Autsch...das könnte aber echt teuer werden ! 

Ich hatte vor zwei Jahren mal 2 Wochen lang ein 26 Fuss Boot. Das Teil war (rein vom Boot her) echte Sahne. Lag traumhaft in den Wellen und war schön schnell.

Leider war bei dem Teil ein 225 PS 2-Takt-Motor drauf (Johnson). Bei meinem Trip zum Marathon Hump (mit vorher vollgetankten Boot) hat sich dann aber gaaaanz krass der Spritverbrauch gezeigt...dabei bin ich längst nicht Vollgas gefahren, sondern mit "bummeligen" 30mph !

Als ich abends wieder aufgetankt habe dachte ich, dass mein Tank ein Leck haben muss !!!! ;+

Das Boot hat bei diesem Trip insgesamt 110 Gallons (!!!!!!!!!) benötigt !!! :r Das sind ca. 400 Liter !!! |krach:#q|bigeyes

Meine Tankrechnung war damit alleine für diesen einen Tag bei US$ 300 !!! Danach bin ich mit diesem Boot nie wieder (!) so weit gefahren...ich bin wirklich beinahe vom Glauben abgefallen.

Eine Entscheidung habe ich danach (für mich) getroffen....nie wieder (egal unter welchen Umständen) werde ich mir nen Boot mit 2-Takt-Motor holen.#d

Bin schon gespannt darauf, welche Erfahrungen Du machen wirst. *Ich rate Dir jedenfalls ernsthaft zu nem anderen Boot.*

Grüße #h
Robert


----------



## guifri (1. Dezember 2010)

*AW: Florida 2011*



Nick_A schrieb:


> Autsch...das könnte aber echt teuer werden !
> 
> Ich hatte vor zwei Jahren mal 2 Wochen lang ein 26 Fuss Boot. Das Teil war (rein vom Boot her) echte Sahne. Lag traumhaft in den Wellen und war schön schnell.
> 
> ...



Das Ding soll wirklich relativ sparsam sein....schiebt ja auch mit 2 Motoren...Sprit wird eh durch 3 geteilt...da ist das noch nicht mal halb so schlimm


----------



## Nick_A (2. Dezember 2010)

*AW: Florida 2011*



guifri schrieb:


> Das Ding soll wirklich relativ sparsam sein....schiebt ja auch mit 2 Motoren...Sprit wird eh durch 3 geteilt...da ist das noch nicht mal halb so schlimm



Stimmt...nur noch 1/3-tel so schlimm !!!  :q

Und beim Schleppen kannste vermutlich auch einen Motor "deaktivieren", dann läuft der zweite Motor während dieser Zeit nicht...spart auch enorm !

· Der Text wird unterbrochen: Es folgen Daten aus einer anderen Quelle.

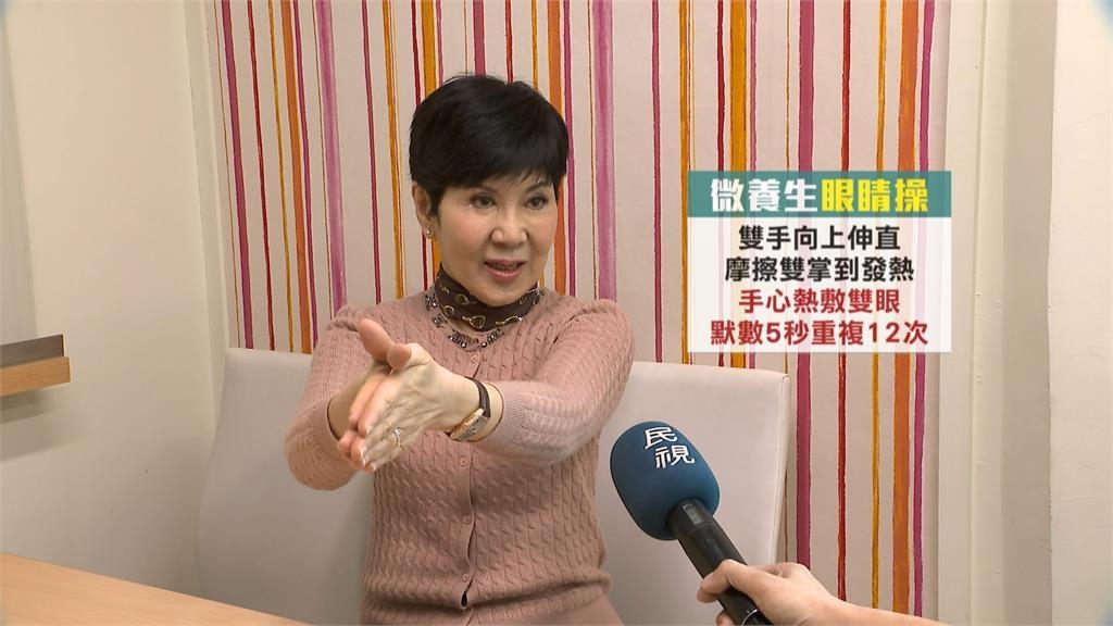 她大方分享從百歲人瑞學來的「眼睛操」,第一步先用溫暖手心熱敷雙眼,默數5秒、重複12次。

Habt Ihr bei dem Boot irgendwelche Entfernungsbeschränkungen (z.B. nicht mehr als 10 Meilen vom Ufer weg) ?


----------



## guifri (2. Dezember 2010)

*AW: Florida 2011*



Nick_A schrieb:


> Stimmt...nur noch 1/3-tel so schlimm !!!  :q
> 
> Und beim Schleppen kannste vermutlich auch einen Motor "deaktivieren", dann läuft der zweite Motor während dieser Zeit nicht...spart auch enorm !
> 
> Habt Ihr bei dem Boot irgendwelche Entfernungsbeschränkungen (z.B. nicht mehr als 10 Meilen vom Ufer weg) ?

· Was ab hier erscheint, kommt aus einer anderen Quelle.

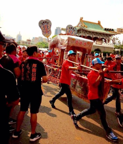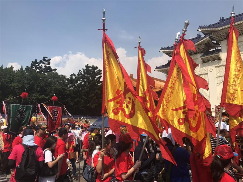 廟會大遊行的方式「遶境凱道」,包括北港武德宮等廟已中午在中正紀念堂集結上街遊行,為守護香火發聲。

oh...der Herr kann rechnen |rolleyes

Nix Beschränkung...obwohl...kurz vor Kuba soll ich umkehren|supergri


----------



## Gunnar (3. Dezember 2010)

*AW: Florida 2011*



Fischmäulchen schrieb:


> Da es wettertechnisch in Deutschland gerade etwas kühl und rutschig ist, sende ich euch ganz sonnige GuteMorgenGrüsse aus Miami Beach!


 
Besten Dank, wir frieren hier bei Minustemperaturen und 20 cm Schnee:c
Naja vom 06.05 _ 27.05.2011 gehts wieder nach Clearwater Beach

Gunnar


----------



## TarponChris (3. Dezember 2010)

*AW: Florida 2011*

Eine Frage an die Florida-Experten:
Welches Angelgerät - insbesondere Rute - verwendet ihr zum Tarponangeln?
Ich bin auf der Suche nach der Perfekten Reiserute zum Tarponangeln.

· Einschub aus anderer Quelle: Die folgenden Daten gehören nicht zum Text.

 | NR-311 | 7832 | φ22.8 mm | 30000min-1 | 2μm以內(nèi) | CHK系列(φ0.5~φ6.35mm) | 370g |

Im Mai bin ich auch in Florida


----------



## anglermeister17 (3. Dezember 2010)

*AW: Florida 2011*

Viel Spaß euch allen in FL, Leute, ich werde Juni auch rüberkommen, allerdings n bisschen nördlicher, ich werde mir mal NYC anschauen  ( 05.06- 16.06. ). Erstaunlich, dass es direkt um DIE Stadt rum kein "Bass pro Shop" gibt... aber ich will mal nicht verzagen, Alternativen werden in so einer Weltstadt ja vorhanden sein!


----------



## Torsk_SH (24. Dezember 2010)

*AW: Florida 2011*

Moinsen!

Wer in den u.a. Zeiträumen in die Staaten fliegen will kann heute bei AB richtig Geld sparen (2für1)

Reisezeitraum:

01.05. bis 09.06.2011 Bangkok, *Miami oder New York*

01.05. bis 29.06.2011 Dubai

buchbar über den Adventkalender,
http://www.airberlin.com/site/adven...RKT=DE&et_cid=128&et_lid=183&et_sub=advent_DE


Wir fliegen schon früher (22.03 nach Fort Myers) aber auch da sind die Preis gerade ganz gut.


----------



## Novice (28. Dezember 2010)

*AW: Florida 2011*

Hallo.

Meine Partnerin und ich werden vom 05.-19.02. Februar in FL (Flug nach Miami) sein. Mietwagen und rumstreunen durch den Staat. 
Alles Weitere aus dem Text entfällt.